* **How to complete this task**
Write out again, exactly as they appear, the lines from the start of the data below through the line with "Pantauan detikcom di"; no pictures.
*** Opening of Dataset excerpt ***
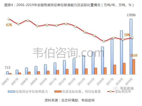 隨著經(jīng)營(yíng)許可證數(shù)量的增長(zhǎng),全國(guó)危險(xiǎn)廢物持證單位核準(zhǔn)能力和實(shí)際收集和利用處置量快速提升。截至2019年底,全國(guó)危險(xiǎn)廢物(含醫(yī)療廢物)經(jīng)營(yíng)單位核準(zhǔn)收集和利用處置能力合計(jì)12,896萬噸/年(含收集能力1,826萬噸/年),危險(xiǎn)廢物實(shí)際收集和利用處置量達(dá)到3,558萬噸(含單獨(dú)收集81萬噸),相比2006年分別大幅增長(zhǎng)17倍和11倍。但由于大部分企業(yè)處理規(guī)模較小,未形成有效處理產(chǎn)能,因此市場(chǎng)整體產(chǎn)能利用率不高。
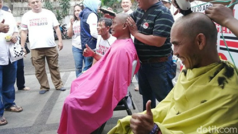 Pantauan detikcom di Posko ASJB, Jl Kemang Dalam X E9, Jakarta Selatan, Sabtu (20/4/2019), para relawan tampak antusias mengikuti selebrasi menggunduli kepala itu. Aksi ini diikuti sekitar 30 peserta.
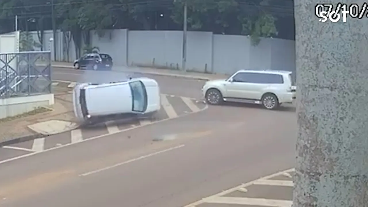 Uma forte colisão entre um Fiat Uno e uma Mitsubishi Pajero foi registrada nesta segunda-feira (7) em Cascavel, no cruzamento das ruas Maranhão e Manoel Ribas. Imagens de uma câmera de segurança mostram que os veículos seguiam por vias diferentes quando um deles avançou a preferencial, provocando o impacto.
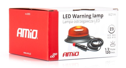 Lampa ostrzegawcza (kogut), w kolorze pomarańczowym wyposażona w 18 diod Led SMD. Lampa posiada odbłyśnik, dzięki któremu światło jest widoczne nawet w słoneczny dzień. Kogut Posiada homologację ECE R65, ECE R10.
*** Close of Dataset excerpt ***
* **Response area**
 隨著經(jīng)營(yíng)許可證數(shù)量的增長(zhǎng),全國(guó)危險(xiǎn)廢物持證單位核準(zhǔn)能力和實(shí)際收集和利用處置量快速提升。截至2019年底,全國(guó)危險(xiǎn)廢物(含醫(yī)療廢物)經(jīng)營(yíng)單位核準(zhǔn)收集和利用處置能力合計(jì)12,896萬噸/年(含收集能力1,826萬噸/年),危險(xiǎn)廢物實(shí)際收集和利用處置量達(dá)到3,558萬噸(含單獨(dú)收集81萬噸),相比2006年分別大幅增長(zhǎng)17倍和11倍。但由于大部分企業(yè)處理規(guī)模較小,未形成有效處理產(chǎn)能,因此市場(chǎng)整體產(chǎn)能利用率不高。
 Pantauan detikcom di Posko ASJB, Jl Kemang Dalam X E9, Jakarta Selatan, Sabtu (20/4/2019), para relawan tampak antusias mengikuti selebrasi menggunduli kepala itu. Aksi ini diikuti sekitar 30 peserta.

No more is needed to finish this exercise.